**What you will do**
Keep every word of the listing and drop the images when you write it out.

**Data**
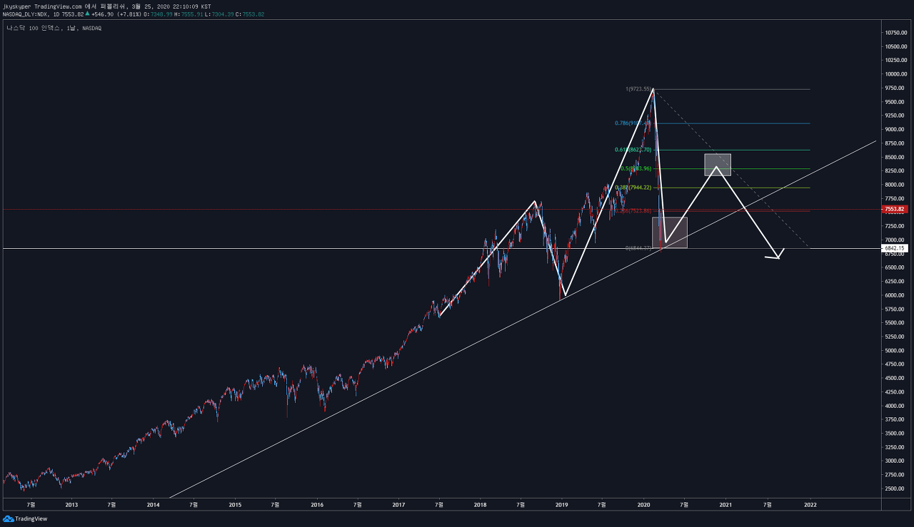 하단 추세선이 현재 Neckline 으로 만들어지는 헤드앤숄더 패턴이 만들어질 수도있기에, 슈퍼 경기부양책으로 일단 패닉은 진정을 시켰고, 중장기적으로 다시 추세를 유지하기 위해서는 궁극적인 목표인 코로나19 치료제가 제일 중요할 것.
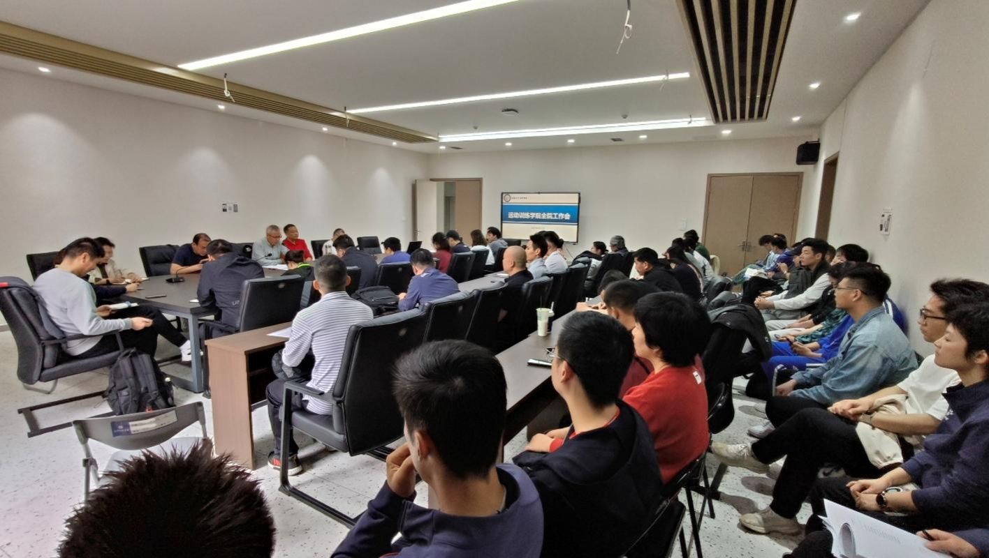 4 月 11 日中午,运动训练学院在网球馆 2 楼会议室召开全院工作会,全体教职工参加。会议由杨成波院长主持。
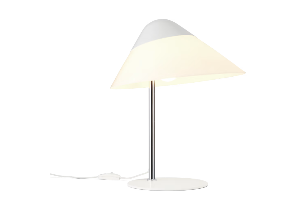 HJW01 Opala Table Lamp von Hans J. Wegner für Carl Hansen & Søn entworfen, ist eine Tischlampe aus verchromtem und lackiertem Stahl. Opaler Acryllampenschirm. Am Gehäuse befindet sich ein Schalter (schwarzes Kabel für schwarze Lampe; weißes Kabel für weiße Lampe).
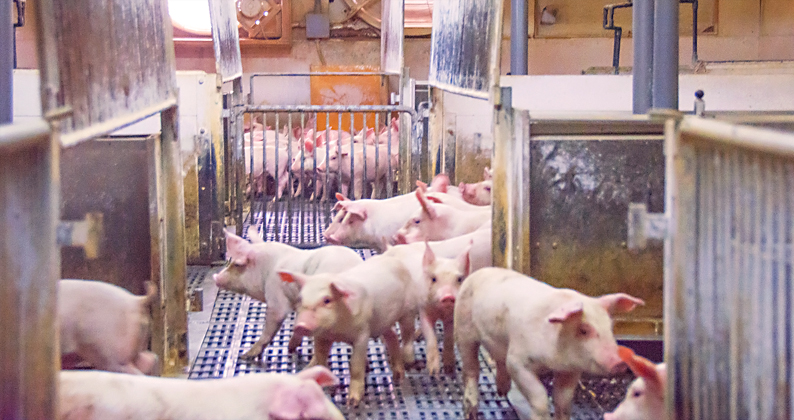 分娩舎から引っ越した子豚たちが、生後77日目まで過ごします。外部の病原菌などから守るため、
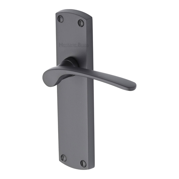 DIP7810-BKMT • Long Plate Latch • Matt Black • Heritage Brass Diplomat Levers On Backplates
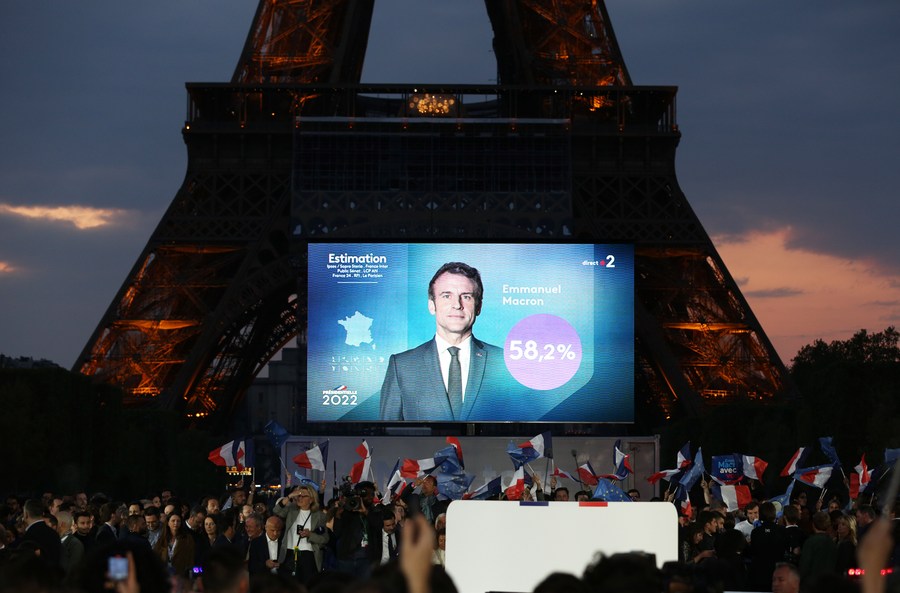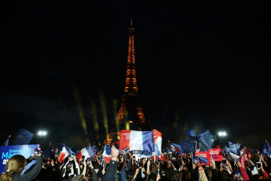 Foto tirada em 24 de abril de 2022 mostra a cena do comício do presidente francês, Emmanuel Macron, após o segundo turno presidencial em Paris, França. (Xinhua/Gao Jing)

**Your solution**
 하단 추세선이 현재 Neckline 으로 만들어지는 헤드앤숄더 패턴이 만들어질 수도있기에, 슈퍼 경기부양책으로 일단 패닉은 진정을 시켰고, 중장기적으로 다시 추세를 유지하기 위해서는 궁극적인 목표인 코로나19 치료제가 제일 중요할 것.
 4 月 11 日中午,运动训练学院在网球馆 2 楼会议室召开全院工作会,全体教职工参加。会议由杨成波院长主持。
 HJW01 Opala Table Lamp von Hans J. Wegner für Carl Hansen & Søn entworfen, ist eine Tischlampe aus verchromtem und lackiertem Stahl. Opaler Acryllampenschirm. Am Gehäuse befindet sich ein Schalter (schwarzes Kabel für schwarze Lampe; weißes Kabel für weiße Lampe).
 分娩舎から引っ越した子豚たちが、生後77日目まで過ごします。外部の病原菌などから守るため、
 DIP7810-BKMT • Long Plate Latch • Matt Black • Heritage Brass Diplomat Levers On Backplates
 Foto tirada em 24 de abril de 2022 mostra a cena do comício do presidente francês, Emmanuel Macron, após o segundo turno presidencial em Paris, França. (Xinhua/Gao Jing)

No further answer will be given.